Maddi olmayan varlıklar, şirketlerin tanınabilir bir marka oluşturmasına yardımcı olur ve genellikle iş performansı üzerinde güçlü bir etkiye sahiptir.
Dönüştürülebilirlik ve kullanım özelliklerine dayalı bir varlık sınıflandırması kullanmak alışılmadık bir durum değildir.
Yüksek düzeyde dönüştürülebilirlik, varlıklarınızı kolayca nakde veya nakit benzerlerine çevirebileceğiniz anlamına gelir. Konvertibiliteye göre sınıflandırılan varlıklar da iki gruba ayrılabilir: dönen varlıklar (kısa vadeli varlıklar) ve duran varlıklar (sabit veya uzun vadeli varlıklar).
Kısa sürede nakde veya nakit eşdeğerine dönüştürülebildikleri için bazen kısa vadeli veya likit varlıklar olarak adlandırılırlar.
Kolayca nakde çevrilemezler. Dönüşüm süreci yıllar hatta on yıllar alabilir. Bu tür varlıklara "sabit" varlıklar da denir. ve "uzun vadeli". Ancak, bu tür mülklerin parasal değeri genellikle işletme sermayesinin değerinden daha yüksektir ve bu sermaye şimdi ve şimdi nakde eşdeğer değerlere dönüştürülebilir.
Bu varlık sınıflandırması, pratik kullanımları veya amaçlarıyla ilgilidir. Varlıklar, bu özelliğe göre çalışır durumda olan ve olmayan olarak ayrılır.
İşletme varlıkları, herhangi bir işletmenin rutin süreçlerinde önemli bir rol oynar ve şirketin temel faaliyetlerinden gelir elde eder. Basitçe söylemek gerekirse, bunlar bir işletmenin günlük işleyişinde düzenli olarak kullanılan öğelerdir.
Gelir elde etmek için de kullanılır, ancak şirketler onlar olmadan da gelişmeye devam edebilir. İşletme varlıklarının verimliliğine sahip değiller ve daha az fayda sağlıyorlar.
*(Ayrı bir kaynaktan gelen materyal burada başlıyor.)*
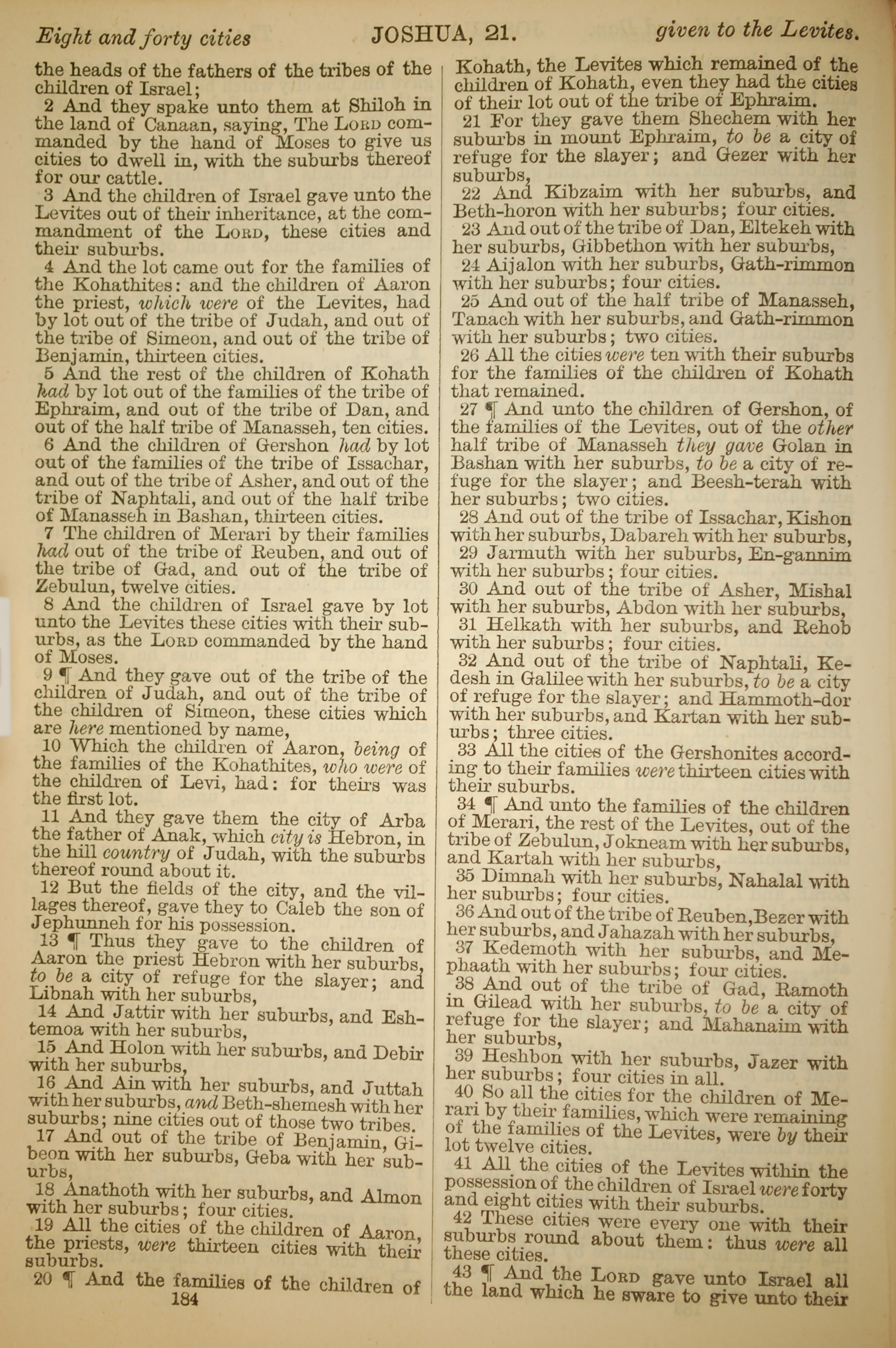 1886年英文聖經 約書亞記 21 章 2 節到 21 章 43 節

Maddi varlıklar genellikle amortismana tabidir. — bir maddi duran varlığın değerinin faydalı ömrüne yayıldığı süreçtir. Varlıkların değeri oldukça kısa bir süre içinde değer kaybedebilir. Maddi varlıkların dış etkenlere karşı savunmasız olduğu bir nüansı dikkate almaya değer. Örneğin, yangın veya doğal afetler nedeniyle binalar yıkılabilir ve arazi zarar görebilir. İşletme sahipleri, bu tür risklerden kaçınmak için maddi varlıkları için sigorta satın alır.
Tüm maddi olmayan duran varlıklar da amortismana tabidir — bir maddi olmayan duran varlığın değerinin faydalı ömrü boyunca dağıtılması süreci. Ancak burada fiziksel bozulmadan değil, ahlaki eskimeden bahsediyoruz. Örneğin çağrı cihazı patentleri bugün ve 30 yıl önce tamamen farklı değerlere sahip.
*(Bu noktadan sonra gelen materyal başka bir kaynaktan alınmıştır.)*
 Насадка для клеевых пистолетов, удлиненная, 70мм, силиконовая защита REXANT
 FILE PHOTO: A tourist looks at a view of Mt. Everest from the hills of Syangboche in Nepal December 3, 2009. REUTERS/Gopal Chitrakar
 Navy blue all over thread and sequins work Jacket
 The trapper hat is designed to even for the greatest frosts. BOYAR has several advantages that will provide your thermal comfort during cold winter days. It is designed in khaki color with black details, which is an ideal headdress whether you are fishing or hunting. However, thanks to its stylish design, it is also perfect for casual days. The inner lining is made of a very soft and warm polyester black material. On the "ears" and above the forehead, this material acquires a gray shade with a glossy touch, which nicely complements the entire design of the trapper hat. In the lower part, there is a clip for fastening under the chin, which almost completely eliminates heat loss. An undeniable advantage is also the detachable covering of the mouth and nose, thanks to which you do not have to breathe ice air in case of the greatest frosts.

Maddi olmayan varlıklar, doğal afet tehdidine tabi olmayabilir, ancak tartışmalı kurumsal kararlara karşı savunmasızdır. Değerleri, piyasa durumunun yanı sıra ülkedeki siyasi ve ekonomik süreçlerden etkilenebilir.
Şirket varlıklarının değerlemesi, hakların yasal durum tespiti, mali tabloların gerçek durumunun analizi ve iş geliştirme tahminleri temelinde gerçekleştirilir. Varlıklar, satın alma fiyatlarına veya fiili üretim maliyetinden amortismanın düşülmesine göre değerlenir. Bir işletmeyi satarken veya satın alırken, böyle bir prosedür kalifiye uzmanlar tarafından yapılmalıdır. Genel olarak, bu çalışma, gerekirse, denetçiler, çeşitli varlık türlerinde uzmanlaşmış değerleme uzmanları, fikri mülkiyet uzmanları vb. Bu tür uzmanların örneklerinden biri — bu profesyonel bir REAB konsorsiyum ekibi.